Text Killed the Multi-Media Star

Recently it occurred to me that video and (to some extent audio) has become a less important requirement for most of my web content management clients these days. If I were to extrapolate the interest trend I was seeing back in 2004, I would expect to see the web resemble billions of tiny television stations. But that hasn't happened. While video and audio remain important for companies in the business of developing and/or distributing multi-media content (primarily for entertainment), multi-media has not achieved ubiquity as a medium for communication. Instead, the focus is still heavily weighted towards text and images. There are some obvious explanations for this trend. Services like YouTube, Vimeo, and BrightCove are taking care of video hosting so my clients don't have to worry about it. Also, companies have realized that, other than the large file sizes, video is just not so special that deserves so much special concern and attention.
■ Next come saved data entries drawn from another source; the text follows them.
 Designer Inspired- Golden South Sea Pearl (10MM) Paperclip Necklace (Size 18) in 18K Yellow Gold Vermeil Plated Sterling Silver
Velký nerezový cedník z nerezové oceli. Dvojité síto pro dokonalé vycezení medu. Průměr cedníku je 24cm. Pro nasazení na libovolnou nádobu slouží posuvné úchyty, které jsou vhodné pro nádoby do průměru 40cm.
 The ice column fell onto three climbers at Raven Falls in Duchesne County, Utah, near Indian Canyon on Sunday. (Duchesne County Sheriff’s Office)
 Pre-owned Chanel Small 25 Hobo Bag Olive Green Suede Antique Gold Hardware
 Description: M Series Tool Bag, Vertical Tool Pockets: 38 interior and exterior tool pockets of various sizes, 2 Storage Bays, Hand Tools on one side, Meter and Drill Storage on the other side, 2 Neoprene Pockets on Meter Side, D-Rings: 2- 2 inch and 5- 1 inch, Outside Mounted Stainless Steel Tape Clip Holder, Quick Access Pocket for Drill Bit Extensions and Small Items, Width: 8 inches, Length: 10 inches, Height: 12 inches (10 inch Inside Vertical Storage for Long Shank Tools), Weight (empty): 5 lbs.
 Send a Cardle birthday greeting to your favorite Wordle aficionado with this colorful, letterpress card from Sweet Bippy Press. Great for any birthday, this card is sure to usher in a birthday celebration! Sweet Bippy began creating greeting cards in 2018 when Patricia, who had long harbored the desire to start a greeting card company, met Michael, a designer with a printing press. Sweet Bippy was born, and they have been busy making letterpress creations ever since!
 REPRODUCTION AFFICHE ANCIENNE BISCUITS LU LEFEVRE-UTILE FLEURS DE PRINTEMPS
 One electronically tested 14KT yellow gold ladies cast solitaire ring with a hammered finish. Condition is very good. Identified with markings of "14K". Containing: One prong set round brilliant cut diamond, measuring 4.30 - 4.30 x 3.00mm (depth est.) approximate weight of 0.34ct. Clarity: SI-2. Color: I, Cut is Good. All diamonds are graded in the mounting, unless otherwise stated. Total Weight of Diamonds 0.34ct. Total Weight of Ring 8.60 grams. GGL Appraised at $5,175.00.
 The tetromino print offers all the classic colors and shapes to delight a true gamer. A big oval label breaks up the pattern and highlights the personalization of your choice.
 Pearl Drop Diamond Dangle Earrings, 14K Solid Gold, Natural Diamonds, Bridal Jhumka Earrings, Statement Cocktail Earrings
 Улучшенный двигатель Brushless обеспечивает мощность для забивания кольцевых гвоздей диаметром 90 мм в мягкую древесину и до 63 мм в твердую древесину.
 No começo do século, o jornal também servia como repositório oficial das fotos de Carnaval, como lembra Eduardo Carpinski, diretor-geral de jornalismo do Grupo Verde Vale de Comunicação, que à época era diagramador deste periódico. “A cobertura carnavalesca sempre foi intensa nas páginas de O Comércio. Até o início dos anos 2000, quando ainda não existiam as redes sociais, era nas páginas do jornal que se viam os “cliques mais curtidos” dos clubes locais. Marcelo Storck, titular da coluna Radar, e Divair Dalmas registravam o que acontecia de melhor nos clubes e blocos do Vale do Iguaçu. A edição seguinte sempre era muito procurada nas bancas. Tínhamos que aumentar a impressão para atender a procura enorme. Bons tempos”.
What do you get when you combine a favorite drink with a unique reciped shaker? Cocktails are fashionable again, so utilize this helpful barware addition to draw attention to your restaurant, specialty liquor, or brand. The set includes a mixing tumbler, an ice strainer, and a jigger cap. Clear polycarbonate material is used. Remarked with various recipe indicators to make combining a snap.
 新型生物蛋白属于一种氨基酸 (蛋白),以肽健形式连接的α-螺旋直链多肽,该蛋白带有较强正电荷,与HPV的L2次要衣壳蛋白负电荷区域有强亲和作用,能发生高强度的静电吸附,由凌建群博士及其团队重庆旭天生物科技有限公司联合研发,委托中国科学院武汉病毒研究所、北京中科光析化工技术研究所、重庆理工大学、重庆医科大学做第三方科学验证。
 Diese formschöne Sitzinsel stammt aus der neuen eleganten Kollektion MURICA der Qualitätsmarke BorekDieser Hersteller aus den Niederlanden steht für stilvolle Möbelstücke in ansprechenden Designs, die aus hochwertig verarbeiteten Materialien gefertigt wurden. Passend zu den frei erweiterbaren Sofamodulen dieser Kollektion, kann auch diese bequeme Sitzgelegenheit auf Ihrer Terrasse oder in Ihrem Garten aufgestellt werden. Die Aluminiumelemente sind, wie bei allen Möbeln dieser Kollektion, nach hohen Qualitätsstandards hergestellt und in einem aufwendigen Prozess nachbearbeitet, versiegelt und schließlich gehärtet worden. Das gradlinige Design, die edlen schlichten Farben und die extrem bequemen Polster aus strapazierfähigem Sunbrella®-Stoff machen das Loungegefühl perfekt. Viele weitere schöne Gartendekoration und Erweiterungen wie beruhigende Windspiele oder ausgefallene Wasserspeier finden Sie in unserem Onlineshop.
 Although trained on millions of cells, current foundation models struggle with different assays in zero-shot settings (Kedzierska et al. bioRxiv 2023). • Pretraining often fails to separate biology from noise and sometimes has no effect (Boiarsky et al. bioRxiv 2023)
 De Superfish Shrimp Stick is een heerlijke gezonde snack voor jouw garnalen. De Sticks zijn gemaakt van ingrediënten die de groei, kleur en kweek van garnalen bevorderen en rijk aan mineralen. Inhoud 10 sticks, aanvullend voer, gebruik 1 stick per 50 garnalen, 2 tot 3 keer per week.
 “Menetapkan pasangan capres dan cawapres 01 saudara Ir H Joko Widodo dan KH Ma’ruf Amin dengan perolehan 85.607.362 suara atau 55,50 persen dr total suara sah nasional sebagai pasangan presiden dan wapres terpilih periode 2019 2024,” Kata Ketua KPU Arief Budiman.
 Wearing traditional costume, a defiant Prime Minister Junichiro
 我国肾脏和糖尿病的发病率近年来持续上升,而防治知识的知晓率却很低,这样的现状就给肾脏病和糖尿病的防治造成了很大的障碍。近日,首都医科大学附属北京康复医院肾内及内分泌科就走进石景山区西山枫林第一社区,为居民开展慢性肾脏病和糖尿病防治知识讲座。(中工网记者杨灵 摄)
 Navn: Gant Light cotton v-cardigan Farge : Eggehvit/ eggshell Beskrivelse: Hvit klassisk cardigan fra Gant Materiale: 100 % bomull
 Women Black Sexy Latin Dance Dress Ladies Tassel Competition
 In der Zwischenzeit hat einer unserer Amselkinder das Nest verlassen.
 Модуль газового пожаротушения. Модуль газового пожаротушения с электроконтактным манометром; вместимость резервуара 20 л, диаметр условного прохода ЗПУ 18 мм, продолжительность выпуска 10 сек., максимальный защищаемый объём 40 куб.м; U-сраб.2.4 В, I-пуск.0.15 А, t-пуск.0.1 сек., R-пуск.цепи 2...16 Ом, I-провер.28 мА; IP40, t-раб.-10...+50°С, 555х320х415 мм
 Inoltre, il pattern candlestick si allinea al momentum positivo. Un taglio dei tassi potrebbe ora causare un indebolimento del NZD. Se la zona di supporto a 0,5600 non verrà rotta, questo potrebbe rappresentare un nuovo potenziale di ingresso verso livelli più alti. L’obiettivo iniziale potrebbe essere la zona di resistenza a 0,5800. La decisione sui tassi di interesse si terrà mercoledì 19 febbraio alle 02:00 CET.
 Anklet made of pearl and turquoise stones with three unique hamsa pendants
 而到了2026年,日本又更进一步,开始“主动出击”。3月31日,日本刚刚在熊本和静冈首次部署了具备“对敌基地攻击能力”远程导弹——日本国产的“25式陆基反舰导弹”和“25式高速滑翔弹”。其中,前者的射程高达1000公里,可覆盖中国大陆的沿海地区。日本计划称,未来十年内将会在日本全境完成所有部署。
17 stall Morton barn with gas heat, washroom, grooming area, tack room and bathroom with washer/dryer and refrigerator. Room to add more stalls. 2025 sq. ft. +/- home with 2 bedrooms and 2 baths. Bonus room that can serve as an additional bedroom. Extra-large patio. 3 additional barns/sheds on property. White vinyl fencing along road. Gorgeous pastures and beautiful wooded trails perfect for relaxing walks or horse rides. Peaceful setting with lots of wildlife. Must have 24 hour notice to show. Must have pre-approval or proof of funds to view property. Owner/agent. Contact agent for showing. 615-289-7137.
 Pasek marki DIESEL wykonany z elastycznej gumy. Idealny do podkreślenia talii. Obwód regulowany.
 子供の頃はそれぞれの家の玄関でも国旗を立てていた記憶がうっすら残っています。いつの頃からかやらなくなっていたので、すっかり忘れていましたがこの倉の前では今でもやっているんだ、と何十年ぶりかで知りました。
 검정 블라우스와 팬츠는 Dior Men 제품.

But I think that there are larger forces at work. I experience issues with video both as a content consumer and a content management professional. As a content consumer, I don't like how video takes control over my experience of the information. Unlike text, you can't scan video for the little bit information that you want. You have to sit back and wait for the video to get to the point. This is great for entertainment (suspense!) but less so for information exchange. Take, for example, this video (below) where the spokesman just spurts out technical information about a computer. It would be so much better just to have a spec sheet so you could scan right to the part of the specification you want. For a while it seemed like all companies were looking to make their websites more "dynamic" by leveraging multi-media. Customers may have reacted positively at first to the novelty of seeing moving pictures but I think this has played out.

As a content management professional, my issue with video is that it breaks a key principle of content management: the separation between content and format. In video and audio, the information is inseparable from the format. Yes, you can transcode into different encodings and file formats, but reorganizing and editing audio and video is difficult to automate. As a result, video and audio content gets stale and out of date because it is too expensive to change. If you want to change the information, you need to re-produce the whole thing.

There are some things that belong in audio and video, like a recording of some performance or something that you need motion to understand. But in most cases, the production and maintenance effort that multi-media requires introduces an unnecessary barrier between the information source and consumer. This obstacle stands out even more in the social web that tries to blur the line between author and audience. In the social web, video is most successful when it is short, entertaining, and performance-oriented. It is less effective for basic information exchange. The best uses of video I have seen for information exchange is on some news sites where visitors are invited to upload short videos of their eye-witness account. In these cases, the video needs to be authentic (no need to edit!) and shows something that cannot be captured in text and still images. But information about that event is more accessible in plain text.